* WHAT YOU SHOULD DO
Give again, unaltered, the line with "Short time-scale radio" and all lines that follow it in the listing below, minus any pictures.

* DATA PROVIDED

------------------------------------------------------------------------

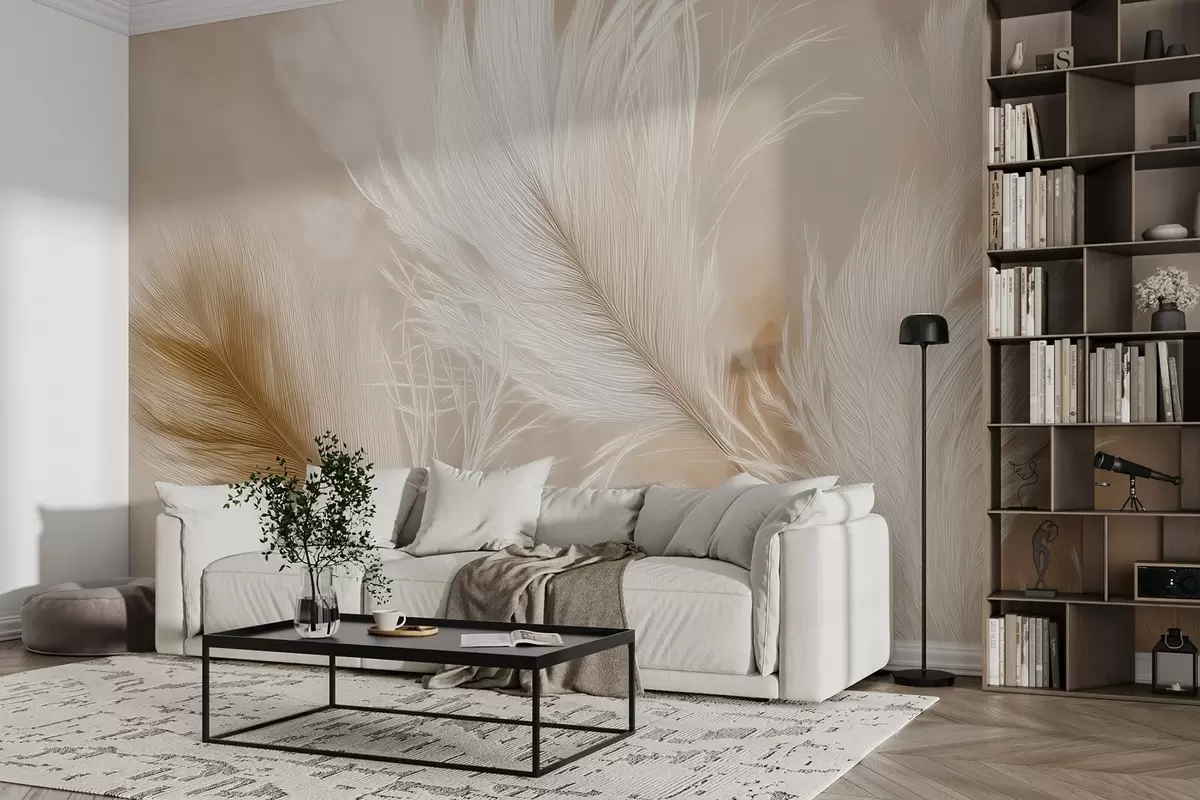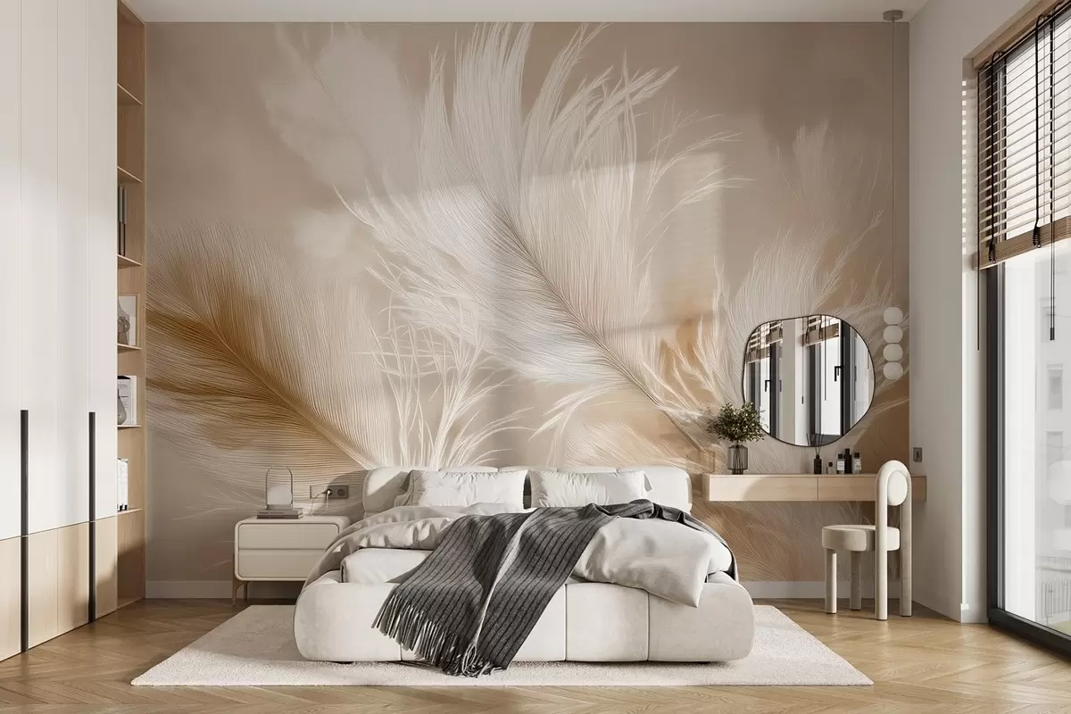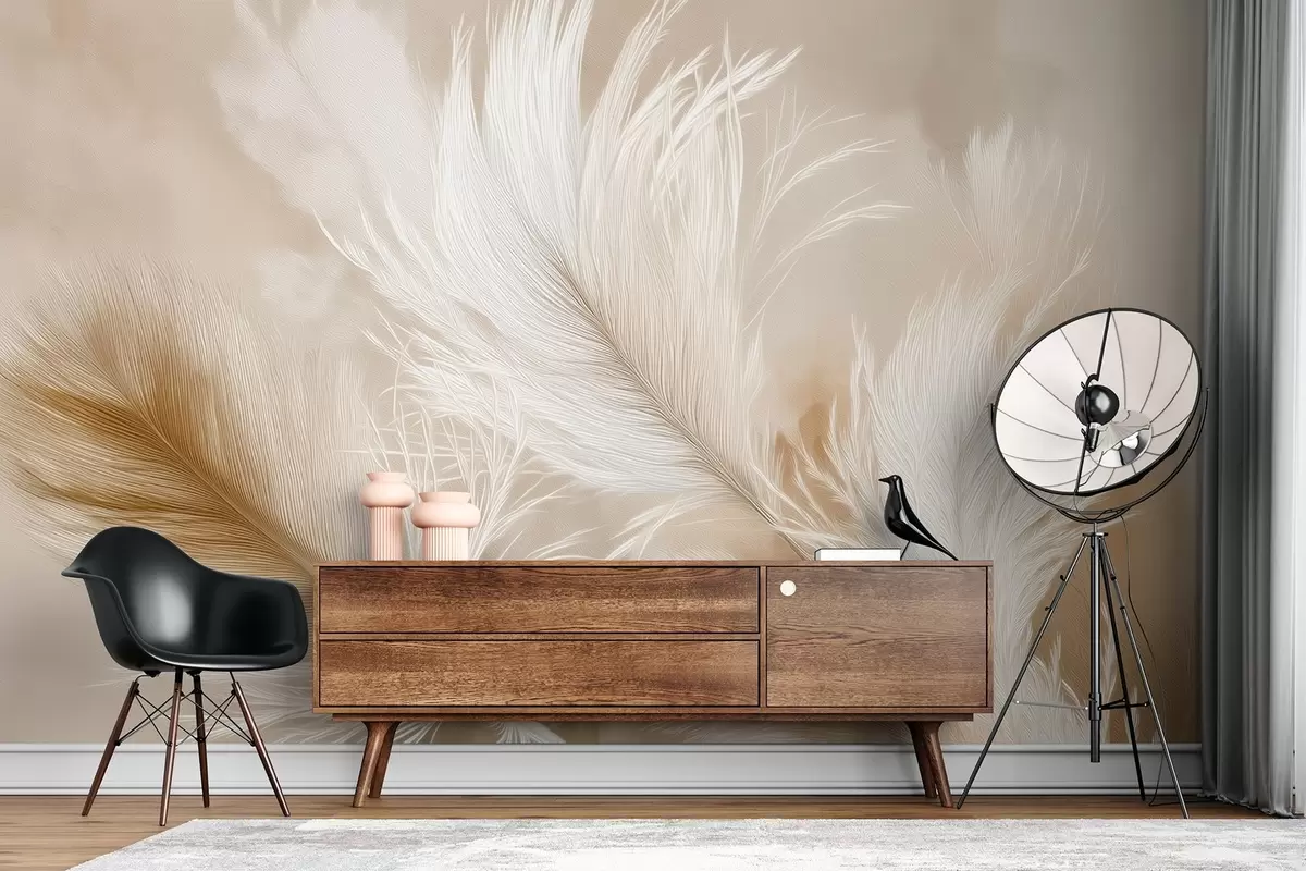 Fototapetes Lidojošas gaisīgas spalvas uz bēša fona Nr. w09102
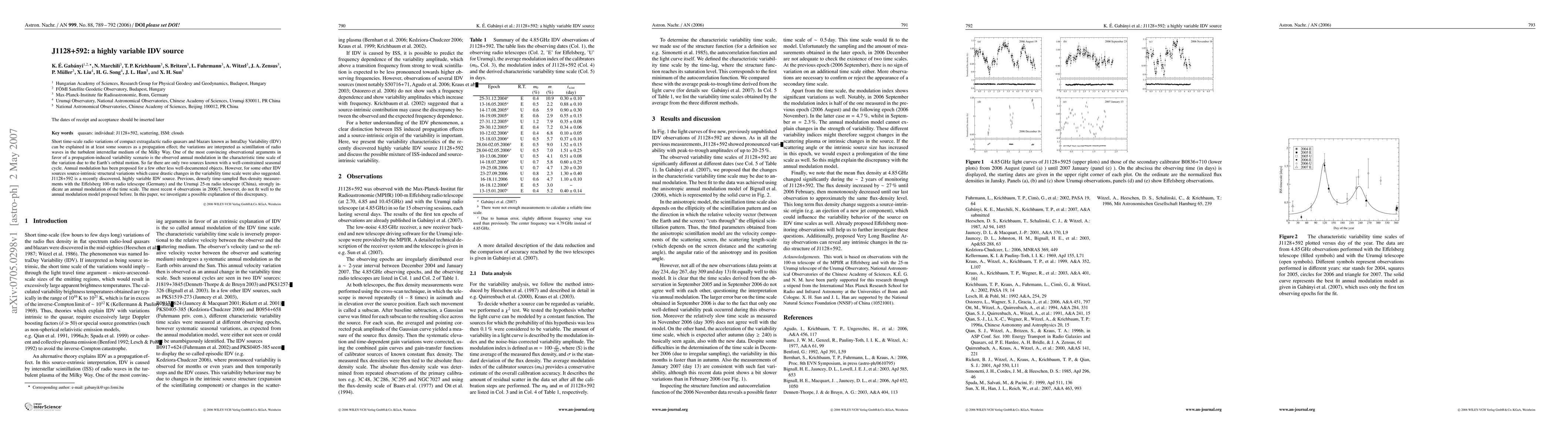 Short time-scale radio variations of compact extragalactic radio quasars and blazars known as IntraDay Variability (IDV) can be explained in at least some sources as a propagation effect; the variations are interpreted as scintillation of radio waves in the turbulent interstellar medium of the Milky Way. One of the most convincing observational arguments in favor of a propagation-induced variability scenario is the observed annual modulation in the characteristic time scale of the variation due to the Earth's orbital motion. So far there are only two sources known with a well-constrained seasonal cycle. Annual modulation has been proposed for a few other less well-documented objects. However, for some other IDV sources source-intrinsic structural variations which cause drastic changes in the variability time scale were also suggested. J1128+592 is a recently discovered, highly variable IDV source. Previous, densely time-sampled flux-density measurements with the Effelsberg 100-m radio telescope (Germany) and the Urumqi 25-m radio telescope (China), strongly indicate an annual modulation of the time scale. The most recent 4 observations in 2006/7, however, do not fit well to the annual modulation model proposed before. In this paper, we investigate a possible explanation of this discrepancy.
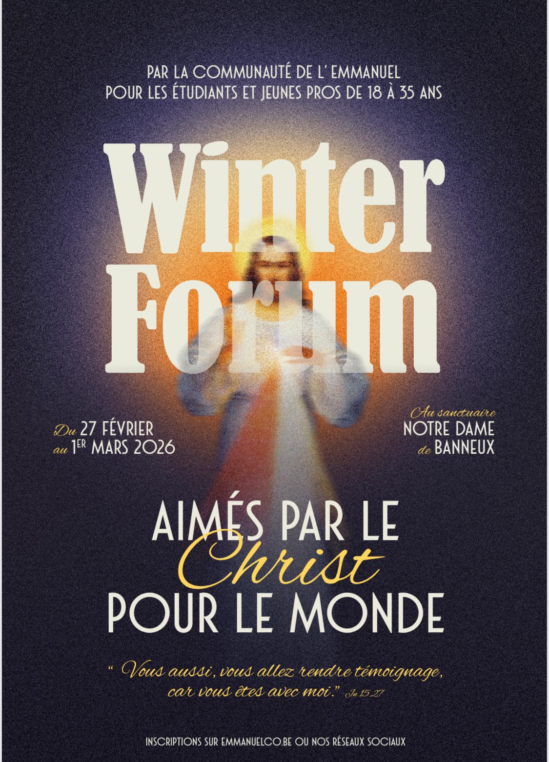 Winter Forum pour les 18-35 ans : inscriptions ouvertes ! 🔥Trouver d’autres jeunes pour vivre et avancer dans ta foi, 🔥Créer et fortifier des amitiés, 🔥Faire grandir ta relation avec Dieu et les autres 🔥 Un WE rempli de JOIE, du 27 février au 1er mars à Banneux ! Inscriptions sur https://emmanuelco.be/fr/evenement/winter-forum/

------------------------------------------------------------------------

* ANSWER FOR THIS EXERCISE
 Short time-scale radio variations of compact extragalactic radio quasars and blazars known as IntraDay Variability (IDV) can be explained in at least some sources as a propagation effect; the variations are interpreted as scintillation of radio waves in the turbulent interstellar medium of the Milky Way. One of the most convincing observational arguments in favor of a propagation-induced variability scenario is the observed annual modulation in the characteristic time scale of the variation due to the Earth's orbital motion. So far there are only two sources known with a well-constrained seasonal cycle. Annual modulation has been proposed for a few other less well-documented objects. However, for some other IDV sources source-intrinsic structural variations which cause drastic changes in the variability time scale were also suggested. J1128+592 is a recently discovered, highly variable IDV source. Previous, densely time-sampled flux-density measurements with the Effelsberg 100-m radio telescope (Germany) and the Urumqi 25-m radio telescope (China), strongly indicate an annual modulation of the time scale. The most recent 4 observations in 2006/7, however, do not fit well to the annual modulation model proposed before. In this paper, we investigate a possible explanation of this discrepancy.
 Winter Forum pour les 18-35 ans : inscriptions ouvertes ! 🔥Trouver d’autres jeunes pour vivre et avancer dans ta foi, 🔥Créer et fortifier des amitiés, 🔥Faire grandir ta relation avec Dieu et les autres 🔥 Un WE rempli de JOIE, du 27 février au 1er mars à Banneux ! Inscriptions sur https://emmanuelco.be/fr/evenement/winter-forum/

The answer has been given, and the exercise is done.